THE PROBLEM: Your response should consist of the entire listing, transcribed exactly, with every image left out.
SUPPLIED DATA: Begin
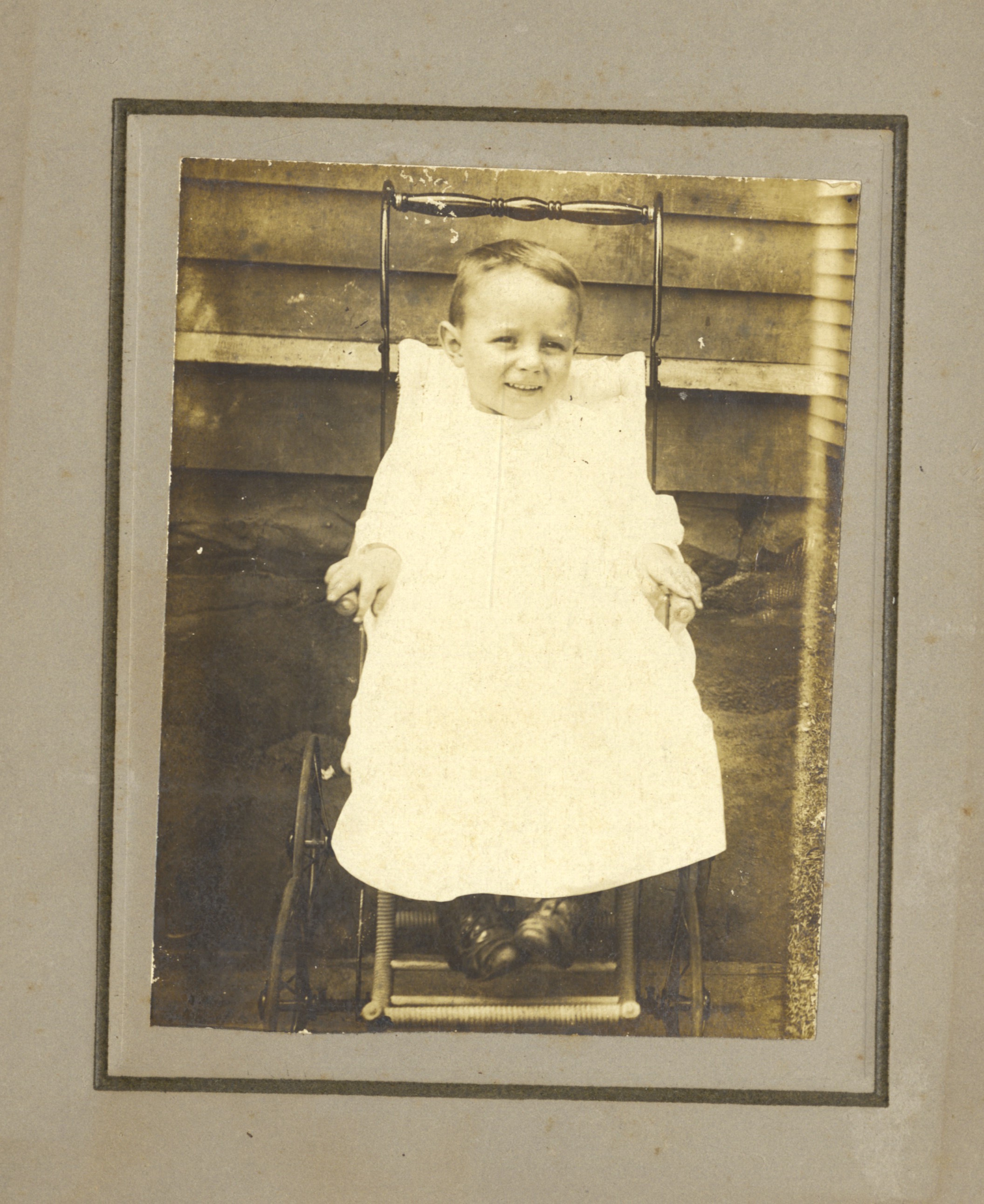 - Black and white photo of an unknown child, presumably a member of the Wente family. Photo is attached to grey matboard.
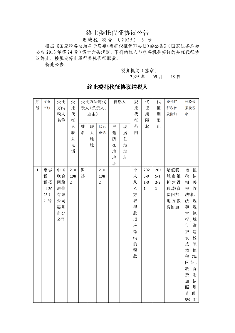 终止委托代征协公告
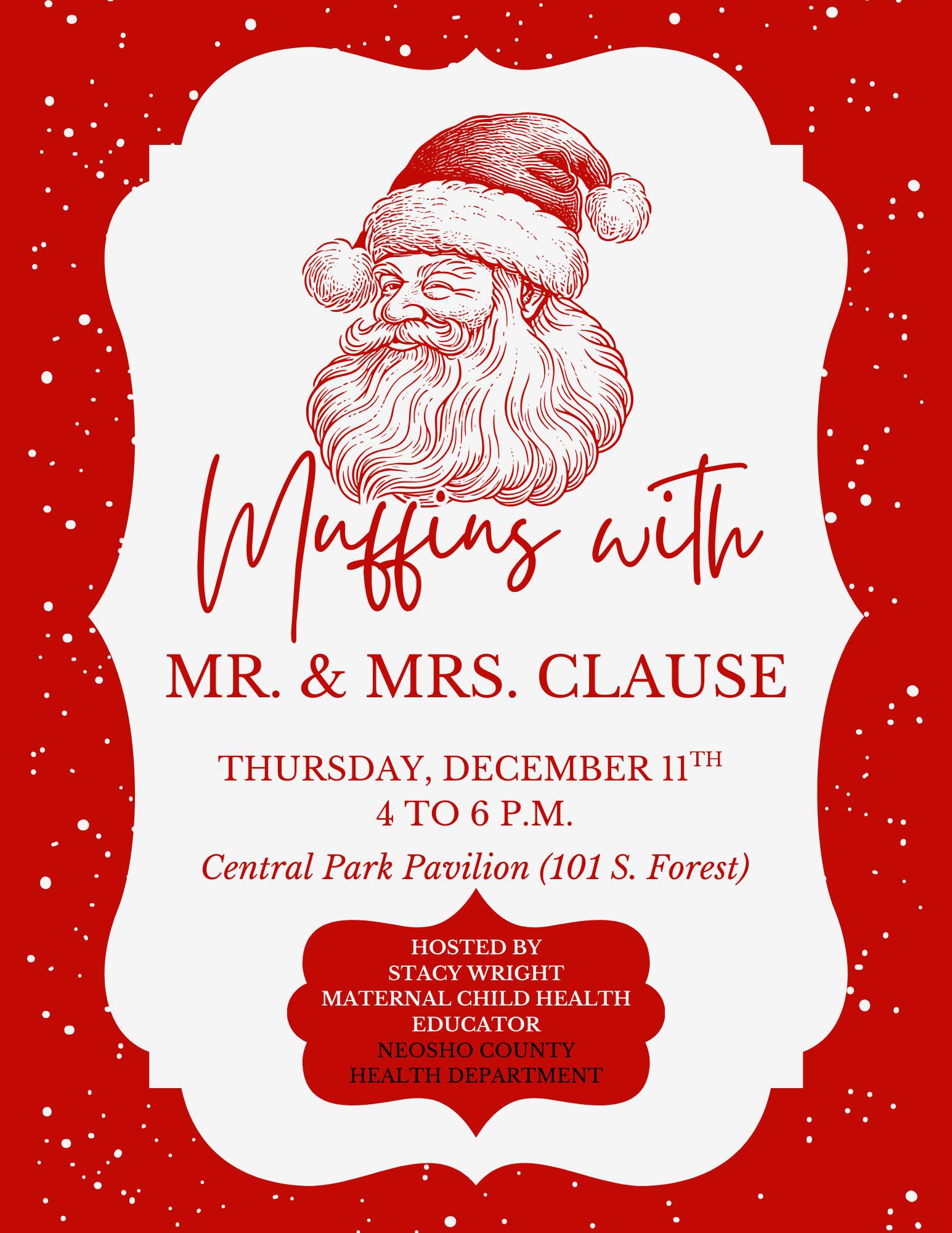 Muffins with Mr & Mrs Clause – Thur., Dec. 11; 4-6 p.m. Central Park Pavilion (101 S. Forest) Hosted by Neosho County Health Department
SUPPLIED DATA: End
RESULT OF THE TASK:
 - Black and white photo of an unknown child, presumably a member of the Wente family. Photo is attached to grey matboard.
 终止委托代征协公告
 Muffins with Mr & Mrs Clause – Thur., Dec. 11; 4-6 p.m. Central Park Pavilion (101 S. Forest) Hosted by Neosho County Health Department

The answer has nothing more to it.